Segment Start: Dataset records
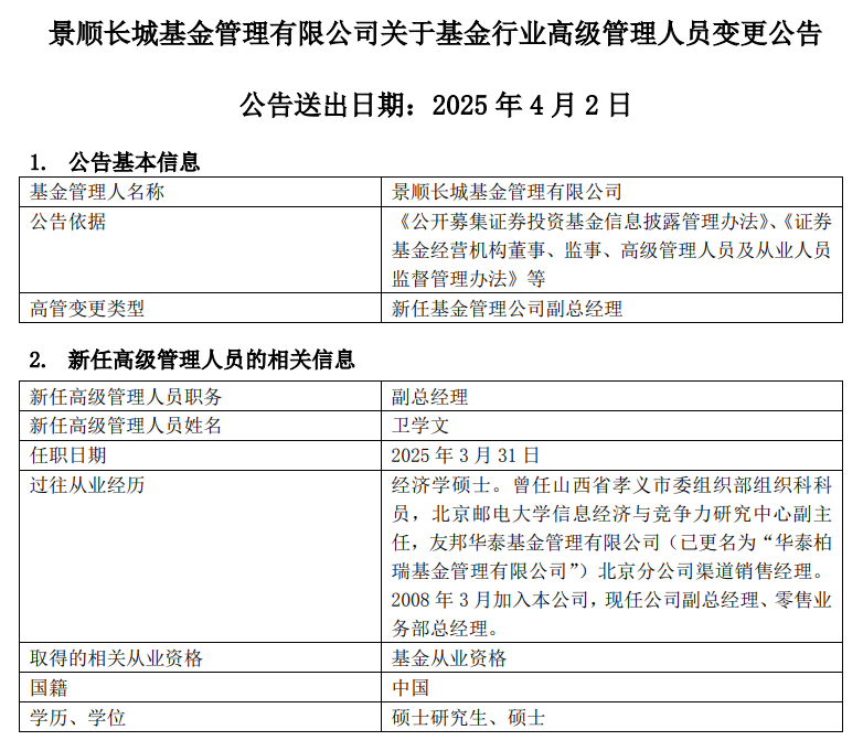 4月2日,景顺长城基金管理有限公司发布高级管理人员变更公告,公告显示,卫学文自2025年3月31日起正式担任公司副总经理,同时兼任零售业务部总经理。相关变更事项已通过公司董事会审议,并将按规定履行备案程序。
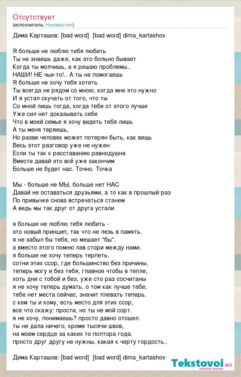 Дима Карташов: [bad word] [bad word] dima_kartashov Я больше не люблю тебя любить Ты не знаешь даже, как это больно бывает Когда ты молчишь, а я решаю проблемы.. НАШИ! НЕ чьи-то!.. А ты не помогаешь Я больше не хочу тебя хотеть Ты всегда не рядом со мною, когда мне это нужно И я устал скучать от того, что ты Со мной лишь тогда, когда тебе от этого лучше Уже сил нет доказывать себе Что в моей семье я хочу видеть тебя лишь А ты меня теряешь, Но разве человек может потерян быть, как вещь Весь этот разговор уже не нужен Если ты так к расставанию равнодушна Вместе давай это всё уже закончим Больше не будет нас. Точно. Точка Мы - больше не МЫ, больше нет НАС Давай не оставаться друзьями, а то как в прошлый раз По привычке снова встречаться станем А ведь мы так друг от друга устали я больше не люблю тебя любить - это новый принцип, так что не лезь в память. я не забыл бы тебя, но мешает "бы". а вместо этого помню лав стори между нами. я больше не хочу теперь терпеть. сотни этих ссор, где большинство без причины, теперь могу и без тебя, главное чтобы в тепле, хоть дни с тобой и без, уже сто раз сосчитаны я не хочу теперь думать, о том как лучше тебе, тебе нет места сейчас, значит плевать теперь. с кем ты и кому, есть место для этих ссор, все что скажу: прости, но ты не мой сорт. я не хочу, понимаешь? просто давно отошел. ты не дала ничего, кроме тысячи швов, на моем сердце за каких то полтора года. просто друг другу не нужны. какая к черту гордость.. Дима Карташов: [bad word] [bad word] dima_kartashov
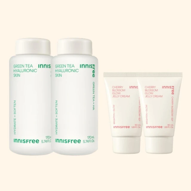 (短效特價)綠茶玻尿酸保濕調理液-170ml*2 櫻花透亮水凝霜-50ml*2免運韓國公司貨
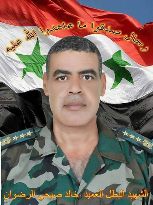Погиб 21.03.2018 в боях под Хаджар ал-Асвадом. Посмертное звание бригадный генерал. https://www.facebook.com/msyaf.news/photos/...?type=1&theater https://www.facebook.com/kask.ya.watann/pho...?type=1&theater https://www.facebook.com/latakia.now/photos...?type=1&theater https://www.facebook.com/1240344586091500/p...?type=1&theater https://www.facebook.com/240733379756332/ph...?type=1&theater https://www.facebook.com/476577406036889/po...77737515920877/ Здесь на фото с личным составом. https://www.facebook.com/240733379756332/ph...?type=3&theater Нажмите для увеличения |
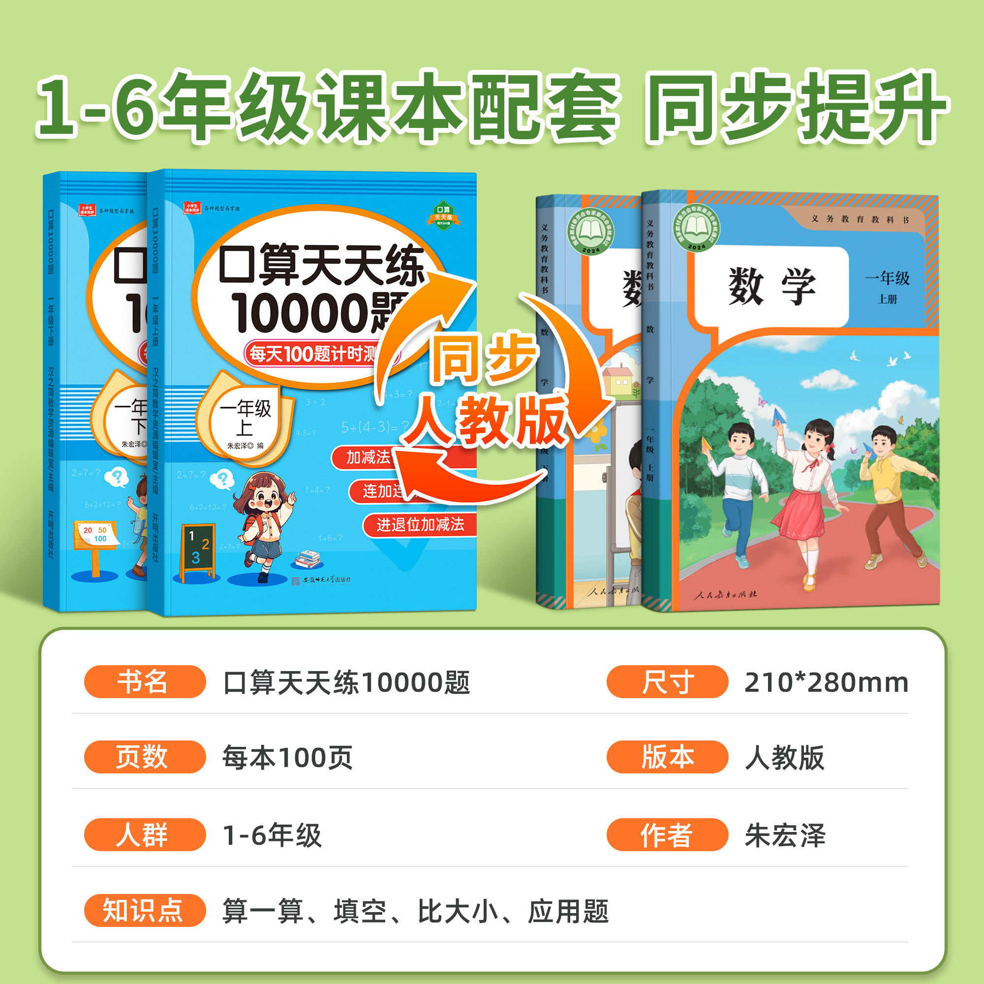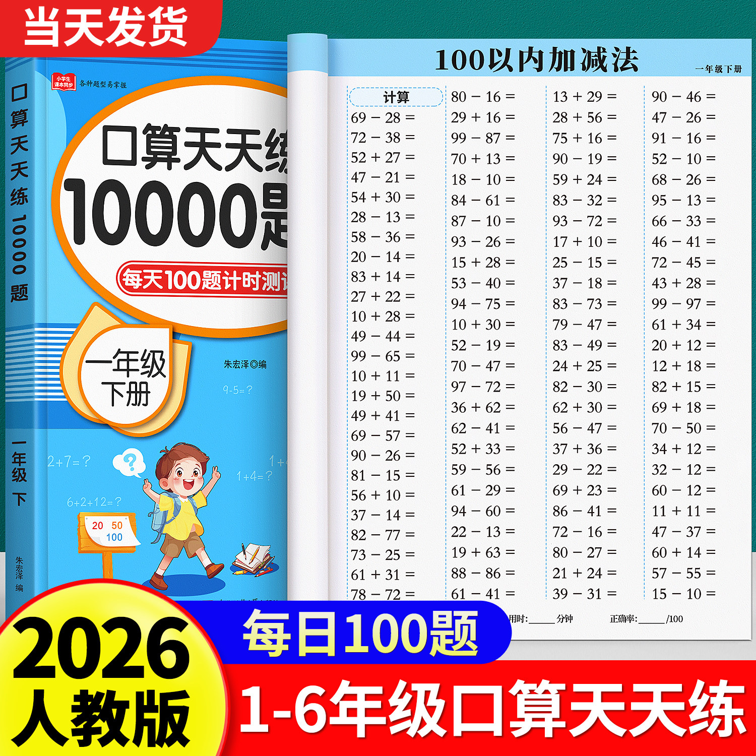 口算天天练一二三四五六年级上册下册小学数学口算题卡每天一练练习册口算10000道乘法口算练习学霸口算小达人快速口算法每日100题
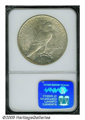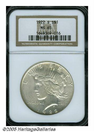 <B>1922-S<S$1> MS65 NGC.</B></I> The 1922-S is a problem issue for collectors for two reasons, heavy abrasions and a soft strike. This particular coin is one of the few that does not exhibit either of these characteristics. The striking details are uncommonly strong for the issue; in fact, almost rivaling that found on a 1923-P. There are also no obvious abrasions on either side, save for a fairly superficial scrape on the eagle's leg. Just six pieces have been graded finer, by NGC (5/05).
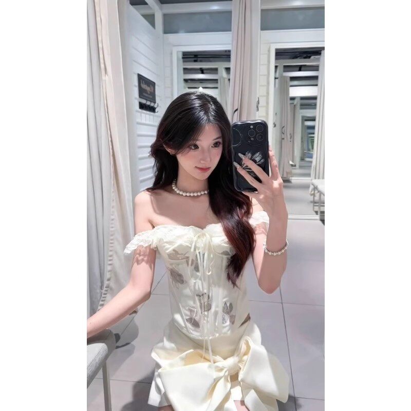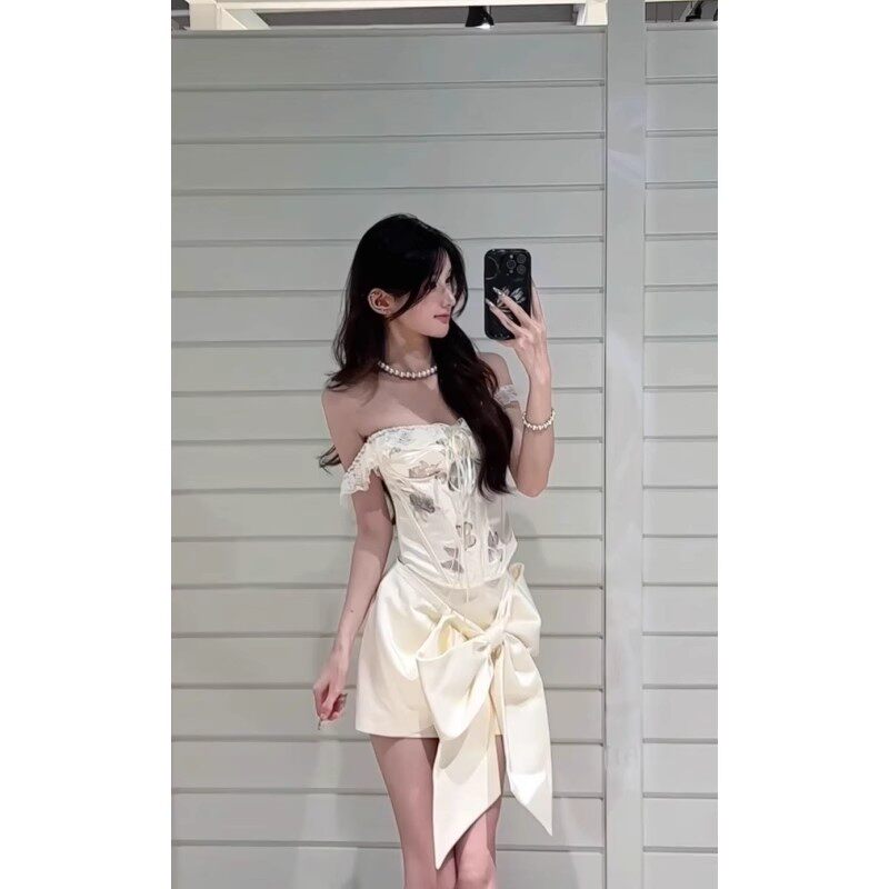 法式 上衣别致蝴蝶结短裙两件套 纯欲高级感精致一字肩拼接花边修身
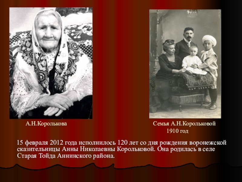 15 февраля 2012 года исполнилось 120 лет со дня рождения воронежской сказительницы Анны Николаевны Корольковой. Она родилась в селе Старая Тойда Аннинского района.
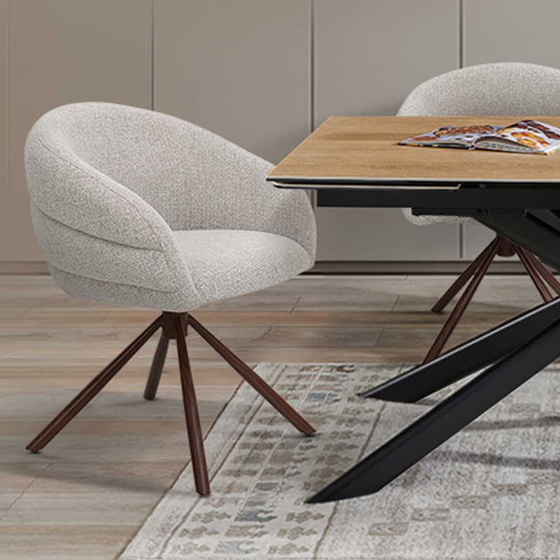 Трапезен стол NAMKA привлича вниманието с елегантен силует и мек, обгръщащ дизайн. Тапицерията от висококачествена дамаска и комфортните подлакътници създават усещане за уют при всяко сядане. Моделът разполага със стабилна въртяща се основа от праховобоядисан метал, която съчетава стил и функционалност. Подходящ както за трапезарията, така и за кът за работа или срещи. Пълна информация за размерите и характеристиките на модела ще намерите в таблицата в таб/поле "Техническа информация".
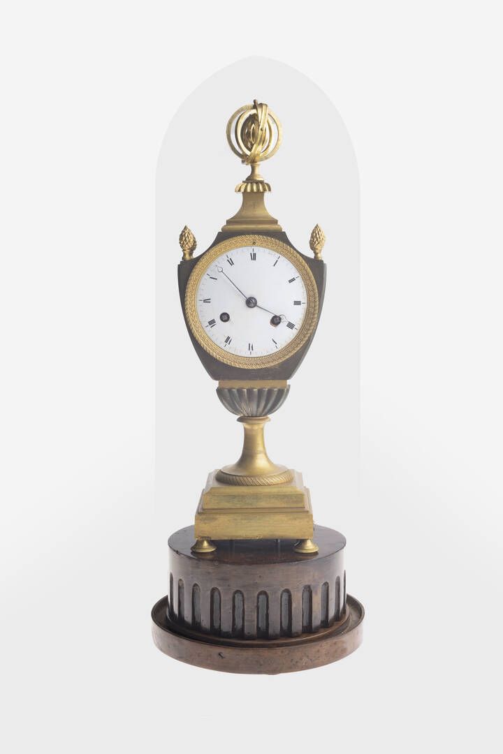 H 38 cm in bronzo dorato e patinato (difetti); Sommità a scudo con decoro superiore con astrolabio mobile; decori a pigna. Quadrante in smalto bianco con numeri serigrafati. Poggiante su base quadrata con piedini a cipolla.
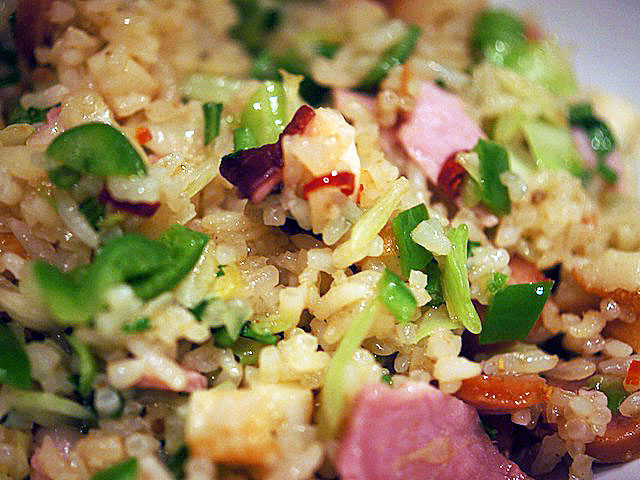週末の冷蔵庫の中の半材が全部ひとつになって、炒めご飯になっていく。
Segment End: Dataset records
Word for word, give the entries back in full; the pictures do not belong in the copy.

• [Finished exercise]
 4月2日,景顺长城基金管理有限公司发布高级管理人员变更公告,公告显示,卫学文自2025年3月31日起正式担任公司副总经理,同时兼任零售业务部总经理。相关变更事项已通过公司董事会审议,并将按规定履行备案程序。
 Дима Карташов: [bad word] [bad word] dima_kartashov Я больше не люблю тебя любить Ты не знаешь даже, как это больно бывает Когда ты молчишь, а я решаю проблемы.. НАШИ! НЕ чьи-то!.. А ты не помогаешь Я больше не хочу тебя хотеть Ты всегда не рядом со мною, когда мне это нужно И я устал скучать от того, что ты Со мной лишь тогда, когда тебе от этого лучше Уже сил нет доказывать себе Что в моей семье я хочу видеть тебя лишь А ты меня теряешь, Но разве человек может потерян быть, как вещь Весь этот разговор уже не нужен Если ты так к расставанию равнодушна Вместе давай это всё уже закончим Больше не будет нас. Точно. Точка Мы - больше не МЫ, больше нет НАС Давай не оставаться друзьями, а то как в прошлый раз По привычке снова встречаться станем А ведь мы так друг от друга устали я больше не люблю тебя любить - это новый принцип, так что не лезь в память. я не забыл бы тебя, но мешает "бы". а вместо этого помню лав стори между нами. я больше не хочу теперь терпеть. сотни этих ссор, где большинство без причины, теперь могу и без тебя, главное чтобы в тепле, хоть дни с тобой и без, уже сто раз сосчитаны я не хочу теперь думать, о том как лучше тебе, тебе нет места сейчас, значит плевать теперь. с кем ты и кому, есть место для этих ссор, все что скажу: прости, но ты не мой сорт. я не хочу, понимаешь? просто давно отошел. ты не дала ничего, кроме тысячи швов, на моем сердце за каких то полтора года. просто друг другу не нужны. какая к черту гордость.. Дима Карташов: [bad word] [bad word] dima_kartashov
 (短效特價)綠茶玻尿酸保濕調理液-170ml*2 櫻花透亮水凝霜-50ml*2免運韓國公司貨
Погиб 21.03.2018 в боях под Хаджар ал-Асвадом. Посмертное звание бригадный генерал. https://www.facebook.com/msyaf.news/photos/...?type=1&theater https://www.facebook.com/kask.ya.watann/pho...?type=1&theater https://www.facebook.com/latakia.now/photos...?type=1&theater https://www.facebook.com/1240344586091500/p...?type=1&theater https://www.facebook.com/240733379756332/ph...?type=1&theater https://www.facebook.com/476577406036889/po...77737515920877/ Здесь на фото с личным составом. https://www.facebook.com/240733379756332/ph...?type=3&theater Нажмите для увеличения |
 口算天天练一二三四五六年级上册下册小学数学口算题卡每天一练练习册口算10000道乘法口算练习学霸口算小达人快速口算法每日100题
 <B>1922-S<S$1> MS65 NGC.</B></I> The 1922-S is a problem issue for collectors for two reasons, heavy abrasions and a soft strike. This particular coin is one of the few that does not exhibit either of these characteristics. The striking details are uncommonly strong for the issue; in fact, almost rivaling that found on a 1923-P. There are also no obvious abrasions on either side, save for a fairly superficial scrape on the eagle's leg. Just six pieces have been graded finer, by NGC (5/05).
 法式 上衣别致蝴蝶结短裙两件套 纯欲高级感精致一字肩拼接花边修身
 15 февраля 2012 года исполнилось 120 лет со дня рождения воронежской сказительницы Анны Николаевны Корольковой. Она родилась в селе Старая Тойда Аннинского района.
 Трапезен стол NAMKA привлича вниманието с елегантен силует и мек, обгръщащ дизайн. Тапицерията от висококачествена дамаска и комфортните подлакътници създават усещане за уют при всяко сядане. Моделът разполага със стабилна въртяща се основа от праховобоядисан метал, която съчетава стил и функционалност. Подходящ както за трапезарията, така и за кът за работа или срещи. Пълна информация за размерите и характеристиките на модела ще намерите в таблицата в таб/поле "Техническа информация".
 H 38 cm in bronzo dorato e patinato (difetti); Sommità a scudo con decoro superiore con astrolabio mobile; decori a pigna. Quadrante in smalto bianco con numeri serigrafati. Poggiante su base quadrata con piedini a cipolla.
週末の冷蔵庫の中の半材が全部ひとつになって、炒めご飯になっていく。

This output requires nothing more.